#### [What is required]
Leave out the pictures and retype, exactly, the lines below from the line with "I am gonna be" up to and including the line with "Adjustable Strap &", nothing more.

▽

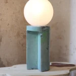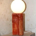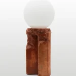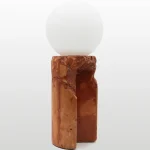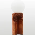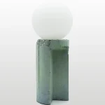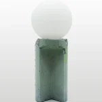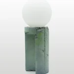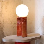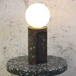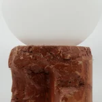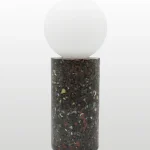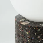 Made of a terrazzo formulated with recycled materials from the studio, this lamp was purposefully broken and re-assembled. It was then coated with natural pigments and sealed.
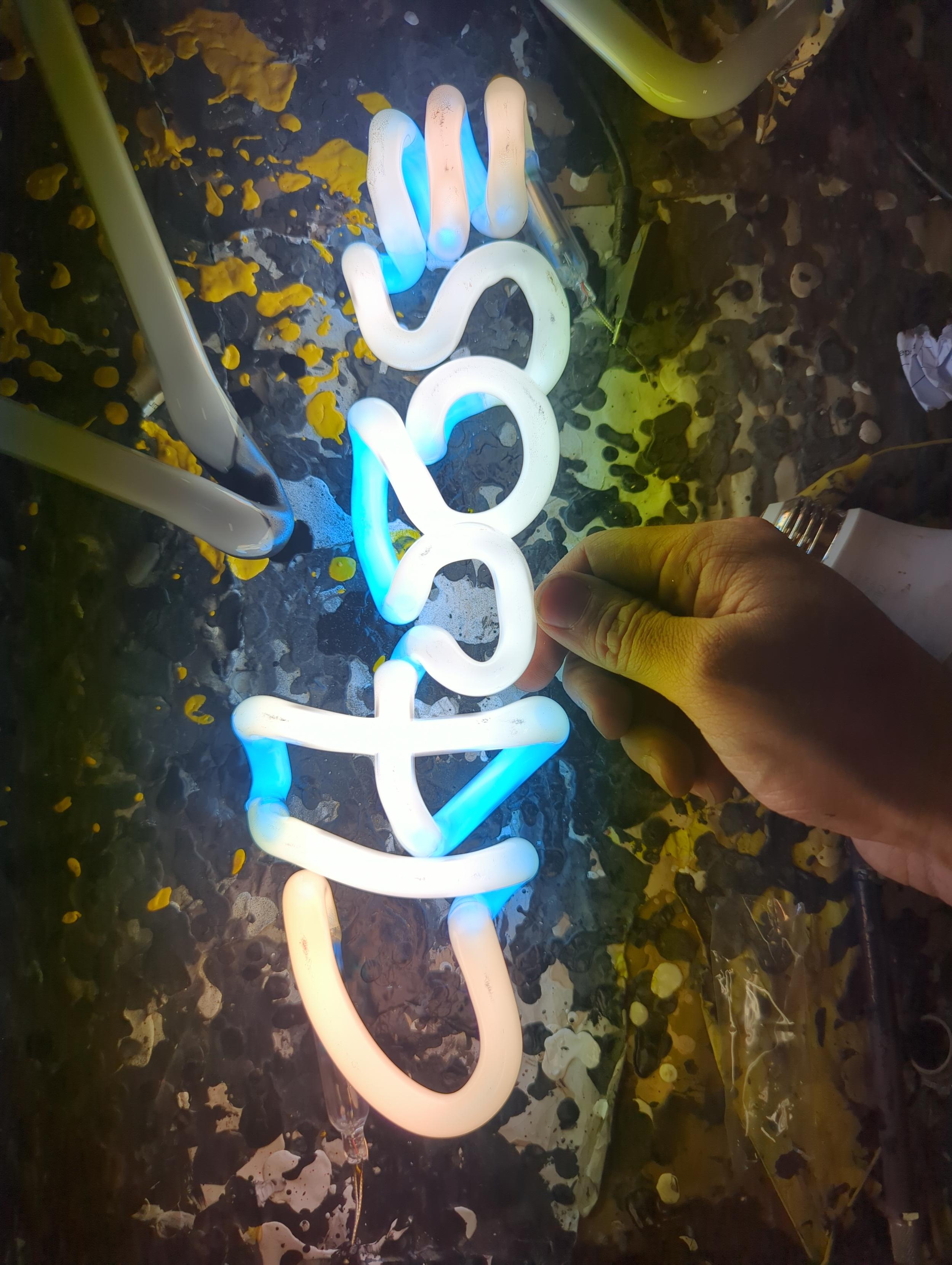 I am gonna be bending neon at Brooklyn Glass's Hot Glass Cold Beer on Saturday. I get most of my neon tubing from there (they import from Italy) and I think this would be nice in a nice warm white and non coated cobalt blue. It took me 1, 3/4 hours to make "CHOOSE" out of scraps I had (whoops, got the whites mixed up 😊 )
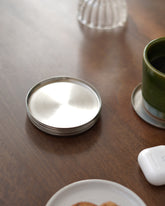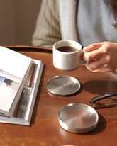 A set of 6 clean and minimal coasters to add a hint of luxury to your everyday life. These elegant stainless steel coasters are crafted from premium-grade stainless steel, featuring a beautifully brushed finish with a subtle circular pattern. The durable metallic surface resists tarnishing and maintains its refined appearance over time. Each coaster is backed with protective cork to safeguard your delicate surfaces from scratches and moisture. Perfect for elevating your coffee rituals and dining moments with understated sophistication.
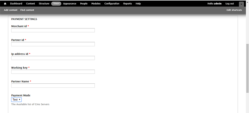 Once you browse the "cms-drupal" Payment gateway you will see like below screen
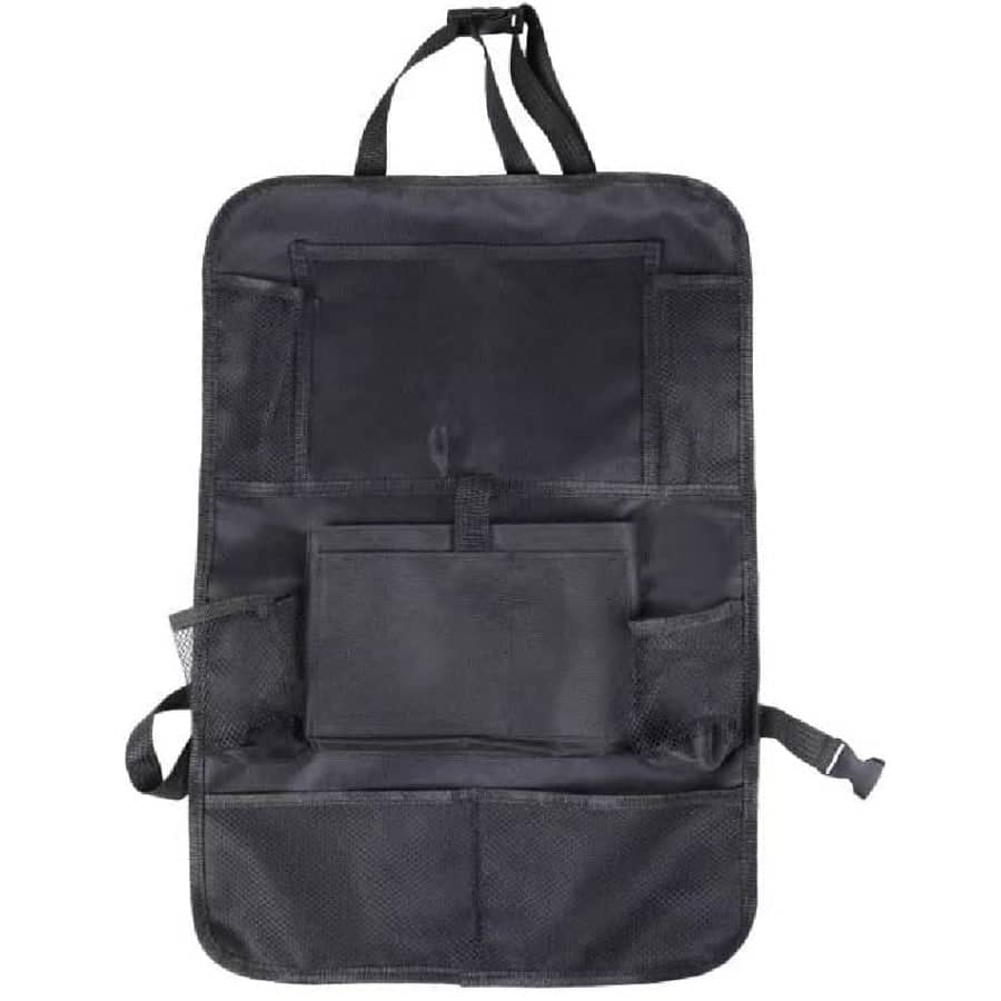 Adjustable Strap & Easy to Install: The adjustable straps of the backseat organizer allow for quick installation in most cars and SUVs. Simply hang it on the back seat, buckle it up, and adjust the length to enjoy the freedom of storage. Durable and Water-resistance Material: Made of eco-friendly 600D oxford, mesh, and waterproof PVC, these back seat protectors are strong and durable. Easily wipe away dirt and shoe prints with a wet cloth, while guarding against scratches, dirt, mud, and wear and tear. Kick Mats Back Seat Protector: This car seat protector is spacious enough to cover the entire back of the front seats, preventing dirty shoe prints. It fits most cars and includes five multi-use pockets for convenient organization. Touch Screen Tablet Holder: The transparent and touchable window can accommodate iPads and Android tablets up to 10 inches, allowing back seat passengers to enjoy hands-free entertainment. Note that other accessories are not included. 2 Design Combination: Featuring a combination of two design types and multiple storage pockets, this car back seat organizer provides ample space to meet a variety of storage needs. Brand: Gominimo Colour: Black Material: 600D oxford fabric + mesh + PVC Weight: 500 g
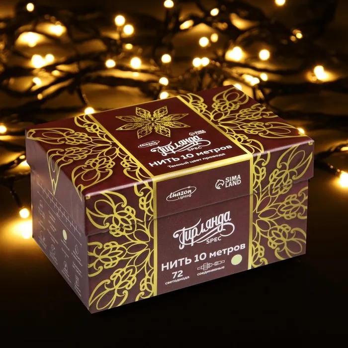 Гирлянда «Нить» 10 м, IP44, УМС, тёмная нить, 72 SMD-LED, свечение тёплое белое, 220 В — Характеристики
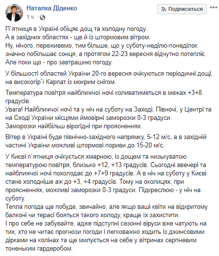 "Ну, ничего, переживем, тем более, что в субботу-воскресенье-понедельник будет значительно больше солнца, а в течение 22-23 сентября ощутимо потеплеет... Теплая погода еще побудет, конечно, но если ваши цветы на открытом балконе или террасе боятся такого холода, лучше их защитить. И о себе не забывайте, ведь коварные сезонные вирусы уже подстерегают тех, кто не читает прогнозы погоды и легкомысленно ходит с джинсовыми дырками на коленях и еще любуется на себя в витринах в августовским тоненьком гардеробе", - написала Наталья Диденко.
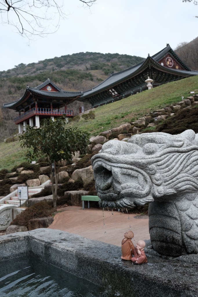 The temple’s name means “Cloud Water Temple” in English. From its lofty perch, one could glimpse the distant sea from the wooden pavilion in front of the historic Daeungjeon Hall. At the bottom of the temple, people were collecting UV-treated water by the jerrycan from the mountain stream. A nearby sign described this as “precious” and “mysterious water.” Not wanting to miss out, I tossed aside my concerns of E. coli and the remaining liquid in my bottle to try some.
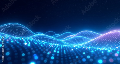 Abstract Blue Wavy Particle Background with Stars
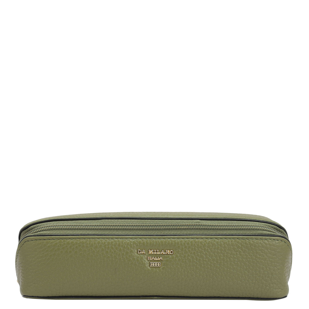 Elephant Pattern Leather Vanity Pouch - Petrol Green
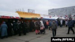 Чаллыда Беларуста җитештерелгән тауарлар ярминкәсе бара. Ит-казылык бәяләре югарырак булса да, халык бу ризыкларны чиратларга тезелеп ала.
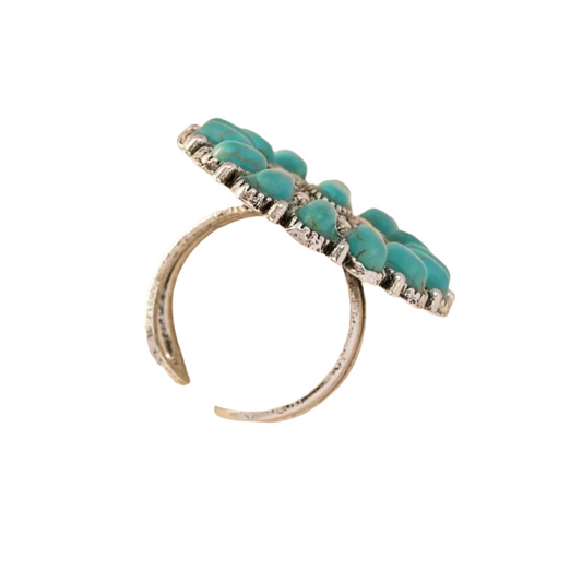 White Turquoise Silver Rectangular Ring
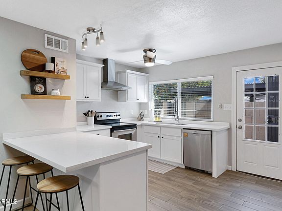 Step inside to find a beautifully updated interior featuring wood-look tile flooring, neutral paint, modern bathrooms and a spacious kitchen. The kitchen boasts white cabinets, quartz countertops, a peninsula island, eat in kitchen and stainless steel appliances. The HVAC system was replaced in 2022. This home comes complete with a refrigerator, washer and dryer and making it truly move in ready.
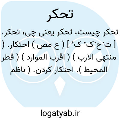 تحکر. [ ت َح َک ْ ک ُ ] ( ع مص ) احتکار. ( منتهی الارب ) ( اقرب الموارد ) ( قطر المحیط ). احتکار کردن. ( ناظم الاطباء ). نگاه داشتن غله برای فروختن و گرانی. ( از منتهی الارب ) ( از اقرب الموارد ) ( از قطر المحیط ). || افسوس خوردن. ( منتهی الارب ) ( ناظم الاطباء ) ( اقرب الموارد )( قطر المحیط ): و انه لیتحکّر عَلیه ِ؛ ای یتحسر. قال رؤبة: و ان لوی لحییه ِ بالتحکر. ( اقرب الموارد ).
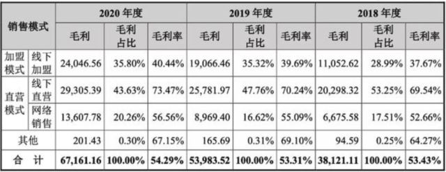 從銷售模式來看,八馬茶業(yè)采取的是“直營+加盟”、“線上+線下”的全渠道銷售體系。截至2020年末,公司門店數(shù)量超過2000家,其中直營店366家,加盟店超1700家。雖然,加盟店數(shù)量遠超直營店數(shù)量,但由于線下加盟模式的毛利率只有40%,遠低于線下直營模式73%的毛利率。因此,366家直營店貢獻的毛利與超過1700家加盟店貢獻的利潤大體相當。
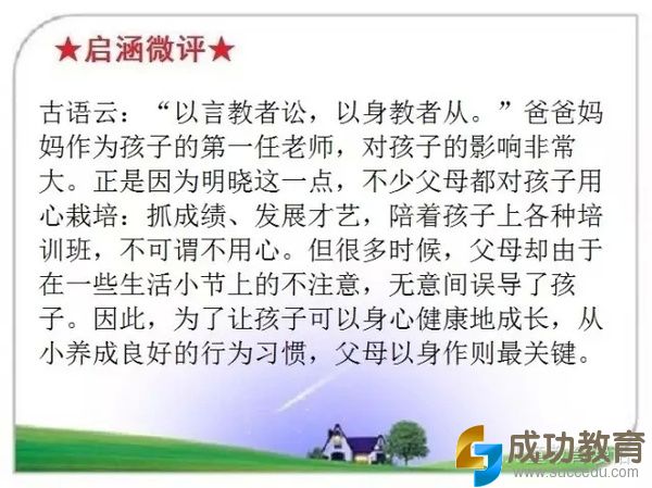 提醒:我们总是用别的小孩的标准来衡量自己的孩子,这会使孩子把注意力放在和别人比较上,长大之后做事就会轻易受其他人影响。
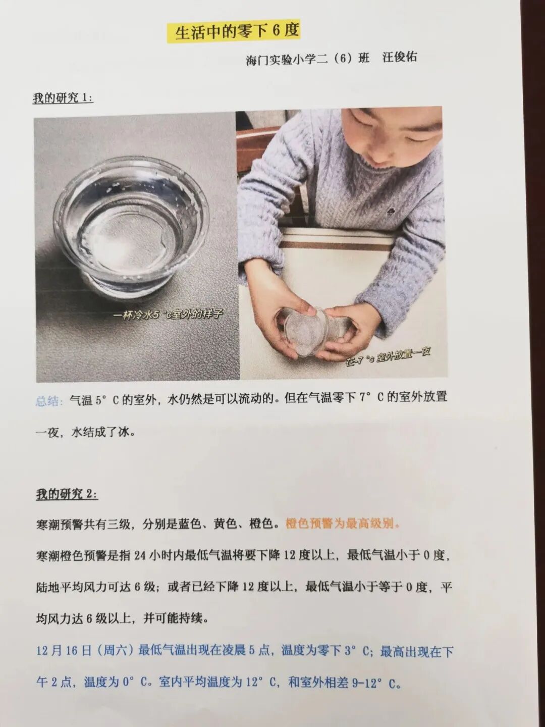 本期推出的是素养作业暨跨学科主题学习是——生活中的零下6度。

△

#### [Solution for this task]
 I am gonna be bending neon at Brooklyn Glass's Hot Glass Cold Beer on Saturday. I get most of my neon tubing from there (they import from Italy) and I think this would be nice in a nice warm white and non coated cobalt blue. It took me 1, 3/4 hours to make "CHOOSE" out of scraps I had (whoops, got the whites mixed up 😊 )
 A set of 6 clean and minimal coasters to add a hint of luxury to your everyday life. These elegant stainless steel coasters are crafted from premium-grade stainless steel, featuring a beautifully brushed finish with a subtle circular pattern. The durable metallic surface resists tarnishing and maintains its refined appearance over time. Each coaster is backed with protective cork to safeguard your delicate surfaces from scratches and moisture. Perfect for elevating your coffee rituals and dining moments with understated sophistication.
 Once you browse the "cms-drupal" Payment gateway you will see like below screen
 Adjustable Strap & Easy to Install: The adjustable straps of the backseat organizer allow for quick installation in most cars and SUVs. Simply hang it on the back seat, buckle it up, and adjust the length to enjoy the freedom of storage. Durable and Water-resistance Material: Made of eco-friendly 600D oxford, mesh, and waterproof PVC, these back seat protectors are strong and durable. Easily wipe away dirt and shoe prints with a wet cloth, while guarding against scratches, dirt, mud, and wear and tear. Kick Mats Back Seat Protector: This car seat protector is spacious enough to cover the entire back of the front seats, preventing dirty shoe prints. It fits most cars and includes five multi-use pockets for convenient organization. Touch Screen Tablet Holder: The transparent and touchable window can accommodate iPads and Android tablets up to 10 inches, allowing back seat passengers to enjoy hands-free entertainment. Note that other accessories are not included. 2 Design Combination: Featuring a combination of two design types and multiple storage pockets, this car back seat organizer provides ample space to meet a variety of storage needs. Brand: Gominimo Colour: Black Material: 600D oxford fabric + mesh + PVC Weight: 500 g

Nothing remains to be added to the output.